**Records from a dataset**
____

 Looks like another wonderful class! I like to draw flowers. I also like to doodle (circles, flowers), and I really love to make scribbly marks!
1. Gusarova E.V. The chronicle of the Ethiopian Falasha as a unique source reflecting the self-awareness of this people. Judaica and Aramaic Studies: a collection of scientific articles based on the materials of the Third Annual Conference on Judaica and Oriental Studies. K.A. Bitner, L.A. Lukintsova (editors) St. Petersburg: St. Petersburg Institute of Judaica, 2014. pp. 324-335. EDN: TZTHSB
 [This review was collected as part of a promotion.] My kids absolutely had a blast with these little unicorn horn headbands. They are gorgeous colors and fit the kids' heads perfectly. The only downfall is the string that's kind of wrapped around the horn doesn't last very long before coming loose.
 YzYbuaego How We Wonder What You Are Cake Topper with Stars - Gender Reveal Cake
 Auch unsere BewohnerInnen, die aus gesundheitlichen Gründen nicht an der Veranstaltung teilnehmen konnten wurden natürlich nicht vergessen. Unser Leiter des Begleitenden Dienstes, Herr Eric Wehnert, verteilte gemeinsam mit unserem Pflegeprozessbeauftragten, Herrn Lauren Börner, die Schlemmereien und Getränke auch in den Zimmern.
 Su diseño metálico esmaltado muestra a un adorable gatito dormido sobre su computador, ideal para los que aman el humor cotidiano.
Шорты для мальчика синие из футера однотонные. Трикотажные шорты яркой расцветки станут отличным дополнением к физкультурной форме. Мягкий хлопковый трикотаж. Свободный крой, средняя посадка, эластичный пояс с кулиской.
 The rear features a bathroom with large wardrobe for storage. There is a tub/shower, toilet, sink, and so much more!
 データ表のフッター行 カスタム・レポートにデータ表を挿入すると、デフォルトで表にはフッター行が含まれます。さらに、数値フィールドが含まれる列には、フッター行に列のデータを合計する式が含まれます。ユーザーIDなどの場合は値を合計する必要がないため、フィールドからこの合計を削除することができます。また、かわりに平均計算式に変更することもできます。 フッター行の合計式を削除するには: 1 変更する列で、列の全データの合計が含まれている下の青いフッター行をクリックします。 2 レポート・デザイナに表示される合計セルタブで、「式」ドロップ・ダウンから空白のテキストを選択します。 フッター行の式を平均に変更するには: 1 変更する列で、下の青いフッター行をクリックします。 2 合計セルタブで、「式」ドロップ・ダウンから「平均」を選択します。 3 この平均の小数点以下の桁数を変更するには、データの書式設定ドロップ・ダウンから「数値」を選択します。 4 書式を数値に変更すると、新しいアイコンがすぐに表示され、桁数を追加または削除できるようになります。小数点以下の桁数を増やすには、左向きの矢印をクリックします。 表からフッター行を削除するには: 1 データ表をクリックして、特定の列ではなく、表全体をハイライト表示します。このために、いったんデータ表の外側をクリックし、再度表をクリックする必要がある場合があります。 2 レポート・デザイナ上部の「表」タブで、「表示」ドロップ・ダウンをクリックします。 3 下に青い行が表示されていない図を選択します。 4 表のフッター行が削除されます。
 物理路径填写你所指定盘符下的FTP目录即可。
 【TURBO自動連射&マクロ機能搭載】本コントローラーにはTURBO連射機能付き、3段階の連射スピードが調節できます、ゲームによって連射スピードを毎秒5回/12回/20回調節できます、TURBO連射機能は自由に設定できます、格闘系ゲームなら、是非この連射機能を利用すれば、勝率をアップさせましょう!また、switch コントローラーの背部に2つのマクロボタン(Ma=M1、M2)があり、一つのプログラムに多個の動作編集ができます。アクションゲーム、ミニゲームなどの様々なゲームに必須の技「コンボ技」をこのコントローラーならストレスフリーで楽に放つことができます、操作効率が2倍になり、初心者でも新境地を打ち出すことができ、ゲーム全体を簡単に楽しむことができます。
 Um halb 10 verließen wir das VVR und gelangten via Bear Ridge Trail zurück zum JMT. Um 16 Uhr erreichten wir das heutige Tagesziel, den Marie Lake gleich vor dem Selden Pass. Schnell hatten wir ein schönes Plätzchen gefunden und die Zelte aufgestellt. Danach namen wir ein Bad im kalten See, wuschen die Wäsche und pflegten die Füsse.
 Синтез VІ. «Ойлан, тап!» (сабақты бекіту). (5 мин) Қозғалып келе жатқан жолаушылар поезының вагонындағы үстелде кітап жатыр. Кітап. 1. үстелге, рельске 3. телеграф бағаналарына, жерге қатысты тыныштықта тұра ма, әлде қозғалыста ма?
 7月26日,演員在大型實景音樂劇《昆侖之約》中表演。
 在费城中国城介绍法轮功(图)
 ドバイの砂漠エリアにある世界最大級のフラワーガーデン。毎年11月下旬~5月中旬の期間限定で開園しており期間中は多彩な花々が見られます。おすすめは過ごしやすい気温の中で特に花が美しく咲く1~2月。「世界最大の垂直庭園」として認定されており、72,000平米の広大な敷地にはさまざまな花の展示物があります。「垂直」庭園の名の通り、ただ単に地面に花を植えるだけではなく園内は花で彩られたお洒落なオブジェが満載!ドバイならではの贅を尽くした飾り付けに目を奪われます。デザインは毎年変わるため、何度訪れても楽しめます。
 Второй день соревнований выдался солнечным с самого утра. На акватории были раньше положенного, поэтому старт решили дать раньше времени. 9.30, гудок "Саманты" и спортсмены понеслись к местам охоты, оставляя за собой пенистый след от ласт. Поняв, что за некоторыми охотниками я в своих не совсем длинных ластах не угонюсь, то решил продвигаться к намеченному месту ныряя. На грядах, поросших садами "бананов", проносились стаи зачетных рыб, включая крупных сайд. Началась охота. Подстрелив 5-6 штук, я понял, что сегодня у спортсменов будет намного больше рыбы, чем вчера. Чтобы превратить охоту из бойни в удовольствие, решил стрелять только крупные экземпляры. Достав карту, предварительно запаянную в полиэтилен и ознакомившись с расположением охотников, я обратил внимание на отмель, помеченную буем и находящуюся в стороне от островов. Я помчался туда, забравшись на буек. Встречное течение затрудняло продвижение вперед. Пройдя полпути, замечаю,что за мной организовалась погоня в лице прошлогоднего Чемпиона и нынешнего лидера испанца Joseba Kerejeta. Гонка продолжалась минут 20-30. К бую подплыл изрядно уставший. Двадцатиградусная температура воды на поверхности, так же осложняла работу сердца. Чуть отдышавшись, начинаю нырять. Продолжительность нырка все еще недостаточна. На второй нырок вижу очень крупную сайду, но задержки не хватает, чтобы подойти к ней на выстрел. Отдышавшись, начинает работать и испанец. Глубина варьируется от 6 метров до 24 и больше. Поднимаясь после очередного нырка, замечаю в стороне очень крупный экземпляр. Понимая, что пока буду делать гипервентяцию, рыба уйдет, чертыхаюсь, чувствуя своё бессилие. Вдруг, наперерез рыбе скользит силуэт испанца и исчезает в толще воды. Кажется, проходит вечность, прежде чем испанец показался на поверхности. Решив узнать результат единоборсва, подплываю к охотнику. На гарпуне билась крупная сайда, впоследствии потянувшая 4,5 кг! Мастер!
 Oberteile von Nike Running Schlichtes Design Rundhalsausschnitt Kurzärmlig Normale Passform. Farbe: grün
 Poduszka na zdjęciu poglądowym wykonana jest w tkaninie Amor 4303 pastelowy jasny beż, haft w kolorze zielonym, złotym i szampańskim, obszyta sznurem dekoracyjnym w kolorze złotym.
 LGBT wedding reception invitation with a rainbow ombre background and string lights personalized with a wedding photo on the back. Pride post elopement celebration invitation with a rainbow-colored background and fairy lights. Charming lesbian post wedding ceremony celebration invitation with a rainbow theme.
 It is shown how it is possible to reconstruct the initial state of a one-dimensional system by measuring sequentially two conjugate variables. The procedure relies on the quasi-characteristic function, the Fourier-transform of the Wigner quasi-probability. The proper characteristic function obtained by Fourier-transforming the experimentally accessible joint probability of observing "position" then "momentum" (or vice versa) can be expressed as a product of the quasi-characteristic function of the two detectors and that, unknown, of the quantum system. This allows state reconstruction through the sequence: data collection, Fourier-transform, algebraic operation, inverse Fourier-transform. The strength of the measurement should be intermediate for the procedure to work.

____

**Directions**
Every line above from the line with "Шорты для мальчика" to the line with "The rear features" is wanted, ends included; write them out exactly and add no other line.

**Task result**
Шорты для мальчика синие из футера однотонные. Трикотажные шорты яркой расцветки станут отличным дополнением к физкультурной форме. Мягкий хлопковый трикотаж. Свободный крой, средняя посадка, эластичный пояс с кулиской.
 The rear features a bathroom with large wardrobe for storage. There is a tub/shower, toilet, sink, and so much more!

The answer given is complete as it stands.